It's something I've posted about more than once...something on the inside, I've told you multiple times. It's something I believe wholeheartedly in...something I tell you matters more than outward appearance, being skinny, having clear skin, etc.
But let me be honest with you for a minute. Sometimes, I forget the significance of true, inner beauty.
I apologize if I've ever made it seem like I have everything figured out...like I have it all together. Because the fact is...I don't.
Many days I turn sideways and glance at my reflection in the mirror, wishing my stomach would magically flatten.
Each morning I step on the scale, and if it doesn't show a number I'm proud of, I oftentimes let it affect my view of myself.

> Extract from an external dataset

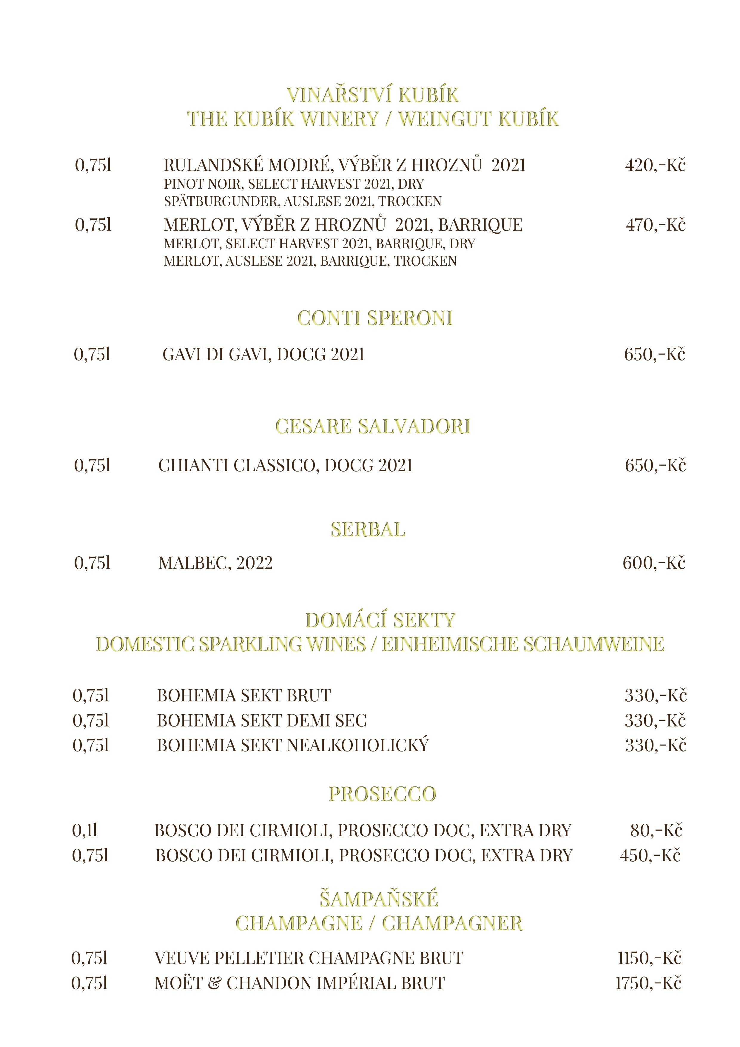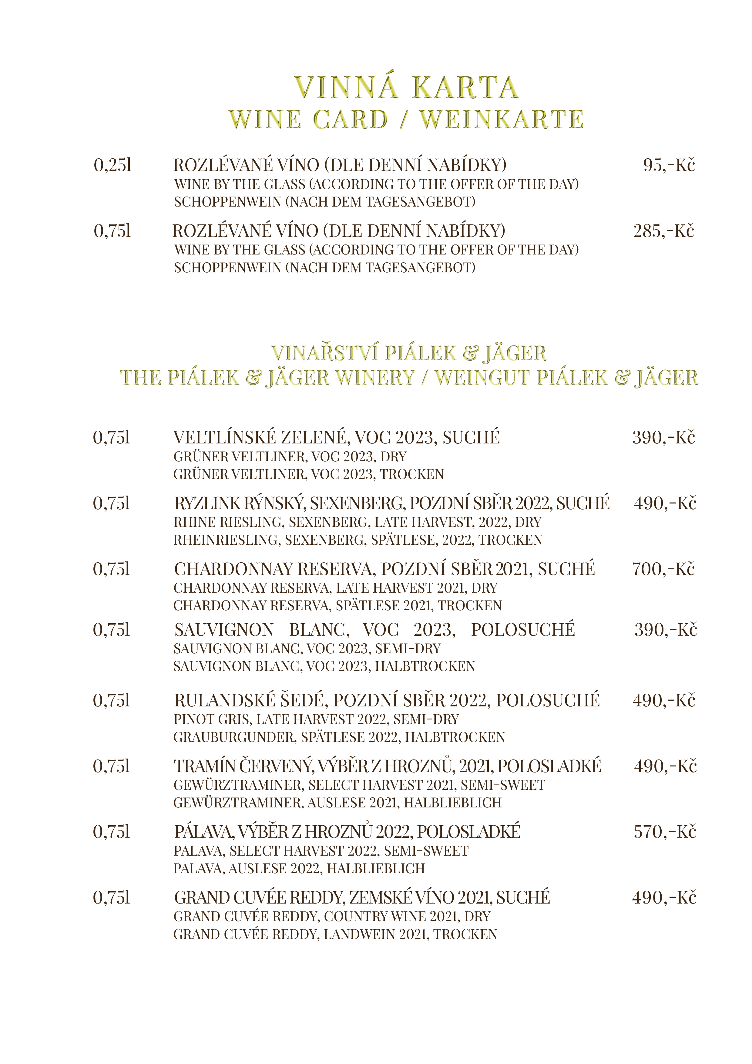 Vinný lístek restaurace

Let's be honest here. I have insecurities. There are things about myself that I dislike, things I wish I could change. And many a day I let those insecurities get the best of me, let them affect what I think of myself. It's not that I've forgotten what true, honest-to-goodness beauty is. It's just that I've let my insecurities and flaws whisper the lie to me that outward beauty is more important than inner beauty.
The other day, I was feeling bad about myself. But I just kept repeating the words to my favorite song, "I Am Beautiful," over and over.
He says I am beautiful, and when I fall, it don't matter that I'm not perfect. I am beautiful. I'm not alone. At any size, I'm still worth it. I'm worth every tear and every scar, so even when you say I'm not, He says I'm beautiful.
(I Am Beautiful, Candics Glover)
And then I looked in the mirror and smiled, and I remembered.
Inner beauty really is so much more important than outward beauty. God cares so much more about us genuinely loving others than having a pretty face. He cares more about being humble than being skinny. Really, in the long run, it doesn't matter if you're the prettiest, the skinniest, the most fit, the best dressed. What really matters is what's on the inside.
Charm is deceptive, and beauty does not last; but a woman who fears the Lord will be greatly praised.
God bless you and keep you, beautiful, precious girl.